Thus, making music together is both an inner and an outer time experience, but only the
latter presupposes a community of space and a face-to-face relation. As Schutz (1976) has
maintained in the later essay, the work of music “can only be recollected and grasped … by
reproducing mentally or actually its development from the first to the last bar as it goes on in
time” (p. 248).

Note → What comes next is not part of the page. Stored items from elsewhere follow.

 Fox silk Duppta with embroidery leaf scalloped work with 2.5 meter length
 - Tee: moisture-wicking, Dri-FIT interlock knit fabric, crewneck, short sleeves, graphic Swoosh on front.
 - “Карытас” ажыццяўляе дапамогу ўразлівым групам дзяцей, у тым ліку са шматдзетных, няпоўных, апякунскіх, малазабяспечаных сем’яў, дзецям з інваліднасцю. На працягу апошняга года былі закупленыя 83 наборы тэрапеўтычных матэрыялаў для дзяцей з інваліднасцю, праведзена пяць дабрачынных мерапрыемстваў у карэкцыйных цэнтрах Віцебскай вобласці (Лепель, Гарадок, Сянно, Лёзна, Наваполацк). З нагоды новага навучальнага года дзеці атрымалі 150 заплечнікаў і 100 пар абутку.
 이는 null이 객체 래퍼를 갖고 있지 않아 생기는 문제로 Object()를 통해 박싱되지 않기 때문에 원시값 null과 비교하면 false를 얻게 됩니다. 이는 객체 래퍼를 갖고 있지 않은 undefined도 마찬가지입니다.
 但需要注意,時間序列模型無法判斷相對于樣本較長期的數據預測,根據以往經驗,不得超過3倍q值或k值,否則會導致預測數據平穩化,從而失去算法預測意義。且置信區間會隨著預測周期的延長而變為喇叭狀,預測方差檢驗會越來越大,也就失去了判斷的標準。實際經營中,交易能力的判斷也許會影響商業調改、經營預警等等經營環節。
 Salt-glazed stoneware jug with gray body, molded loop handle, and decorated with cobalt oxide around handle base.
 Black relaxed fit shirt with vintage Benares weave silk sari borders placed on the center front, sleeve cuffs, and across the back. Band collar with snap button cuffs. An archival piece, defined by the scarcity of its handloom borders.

Resorting to the language of Husserl’s phenomenology, Schutz (1976) has
written in this sense that the work of music is constituted “polythetically,” that is, step by step
(pp. 248–249). In this connection, he has distinguished between inner and outer time. While the
latter is objective and therefore measurable, the former is not as it refers to individual streams
of consciousness. As Schutz (1996a) has written, all musical experience takes place “as an
indivisible unity, as a single impulse, as long as he lives within the flux of the ongoing music,”
and originates “in the flux of inner time, in the stream of consciousness” (pp. 260, 270).

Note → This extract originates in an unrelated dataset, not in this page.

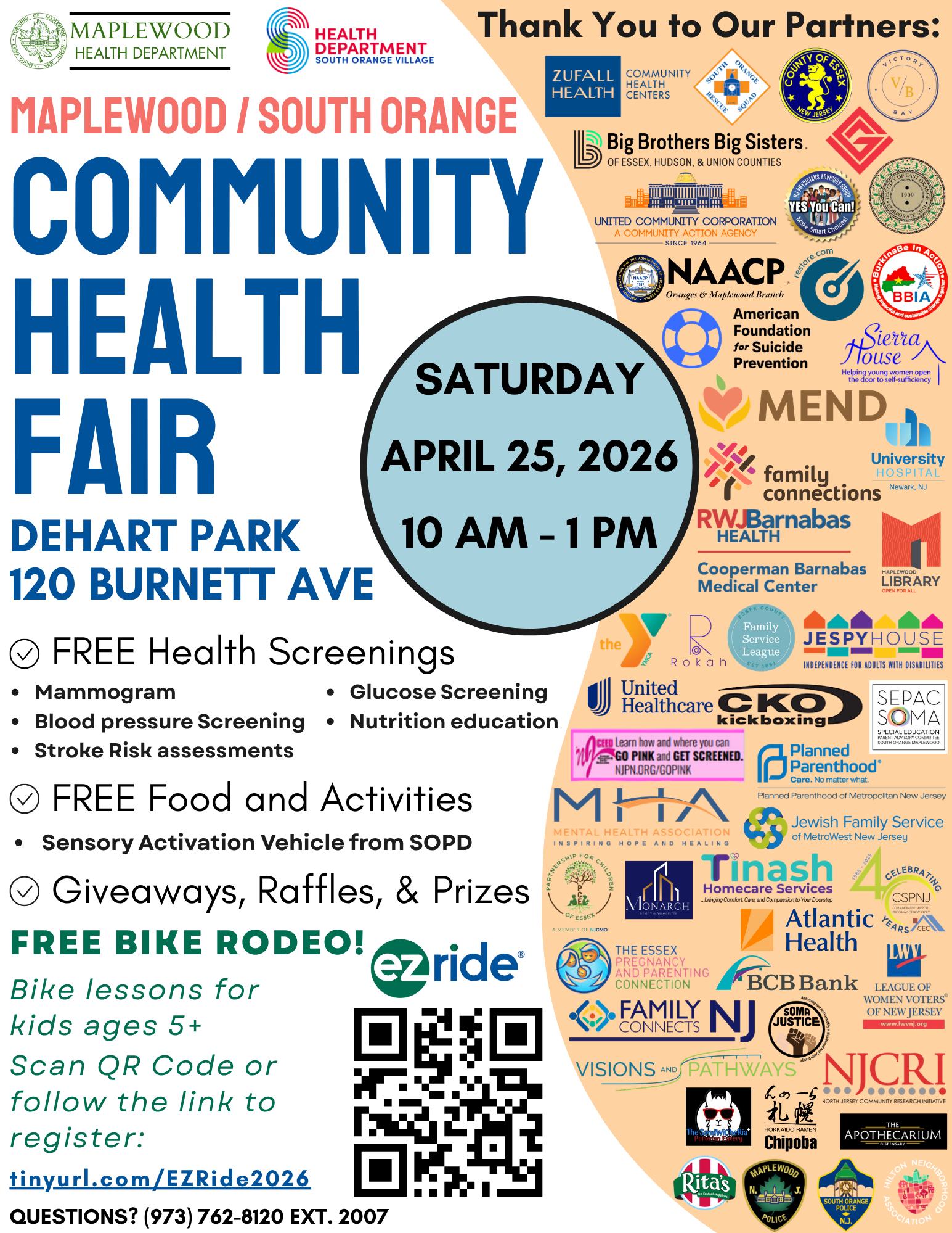 Come one, come all! Maplewood Health Department will be hosting their annual Health Fair on Saturday, April 25, from 10 am – 1 pm in DeHart Park.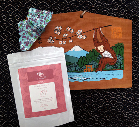 Cette box fait la part belle aux maisons japonaises (et c’est une très bonne idée car je me souviens d’une Thé Box Hokusai qui ne contenait quasiment que du thé Palais des Thés). Tamayura nous raconte l’histoire de Momo avec un thé vert à la pêche. Très bon et délicat, ce thé nous fait bien sentir la pêche mais aussi le thé vert (ça parait évident comme ça mais ce n’est pas toujours le cas). La couleur des feuilles est magnifique, autant avant qu’après l’infusion.

Musical communication, according to Schutz, involves “the sharing of the ongoing flux of the
musical content.” This may occur “merely in the beholder’s recollections,” or by virtue of a
person’s “reading the score,” or “with the help of audible sounds” (Schutz, 1976: 174). Music,
when collectively made and therefore constitutive of a jointly lived and meaningful experience,
produces an almost simultaneous “interplay of recollections, retentions, protentions, and
anticipations which interrelate the successive elements” (Schutz, 1976: 170). Making music
together implies, according to Schutz, a particular mode of experiencing music, which differs
from passive and individual listening; as in the former case every listener participates with the
other listeners, the performers, and the composers (no matter if the latter belong to different
times) in “the ongoing flux of musical content.” This is so in spite of “all variations of intensity,
intimacy, and anonymity” (Schutz, 1976: 174).

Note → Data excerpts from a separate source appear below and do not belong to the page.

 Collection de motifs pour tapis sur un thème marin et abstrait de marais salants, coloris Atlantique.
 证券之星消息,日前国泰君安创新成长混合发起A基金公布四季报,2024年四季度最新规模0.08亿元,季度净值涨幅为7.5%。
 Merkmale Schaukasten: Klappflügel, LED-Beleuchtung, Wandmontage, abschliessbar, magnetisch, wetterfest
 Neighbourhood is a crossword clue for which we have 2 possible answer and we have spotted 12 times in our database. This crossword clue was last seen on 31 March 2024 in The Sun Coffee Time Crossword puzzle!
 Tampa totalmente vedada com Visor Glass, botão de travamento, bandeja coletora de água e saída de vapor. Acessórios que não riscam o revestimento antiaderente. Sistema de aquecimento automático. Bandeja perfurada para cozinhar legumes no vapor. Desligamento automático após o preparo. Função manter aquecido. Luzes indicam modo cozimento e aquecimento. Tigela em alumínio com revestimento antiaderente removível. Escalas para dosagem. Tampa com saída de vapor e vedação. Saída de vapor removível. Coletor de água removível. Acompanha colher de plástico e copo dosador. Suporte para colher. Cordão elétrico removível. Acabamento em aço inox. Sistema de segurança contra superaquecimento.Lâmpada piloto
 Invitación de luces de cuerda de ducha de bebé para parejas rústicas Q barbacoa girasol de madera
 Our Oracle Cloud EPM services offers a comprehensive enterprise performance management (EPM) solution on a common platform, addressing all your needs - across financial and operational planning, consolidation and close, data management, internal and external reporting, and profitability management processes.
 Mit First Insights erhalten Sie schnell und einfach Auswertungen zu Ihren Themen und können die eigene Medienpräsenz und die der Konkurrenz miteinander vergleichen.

Schutz published in 1951 in the journal Social Research, which was issued by the New
School of Social Research, an article on Making Music Together (Vol. 18, No. 1, March 1951,
pp. 76–97). This article was then reprinted in the second volume of Schutz’s (1976) Collected
Papers (pp. 159–178). We shall refer here to this edition, which will be considered in
conjunction with an earlier (1944) and unfinished manuscript on the phenomenology of music
(cf. Schutz, 1996a). In both these writings, Schutz dealt with the subjects’ individual musical
experience when performing together. Schutz holds that his analysis of making music together,
conducted from a phenomenological viewpoint, involves a Thou or a We relation. This obtains
in all sorts of music and performances, including “the improvisations at a jam session of
accomplished jazz players” (Schutz, 1976: 177). This point is relevant here as establishing a
link with Becker’s writings on music and paving the way for a comparison between their
theoretical perspectives.
Comparisons are usually made in the social sciences for the purpose of investigating
“specific historical sequences or outcomes and their causes across a set of similar cases”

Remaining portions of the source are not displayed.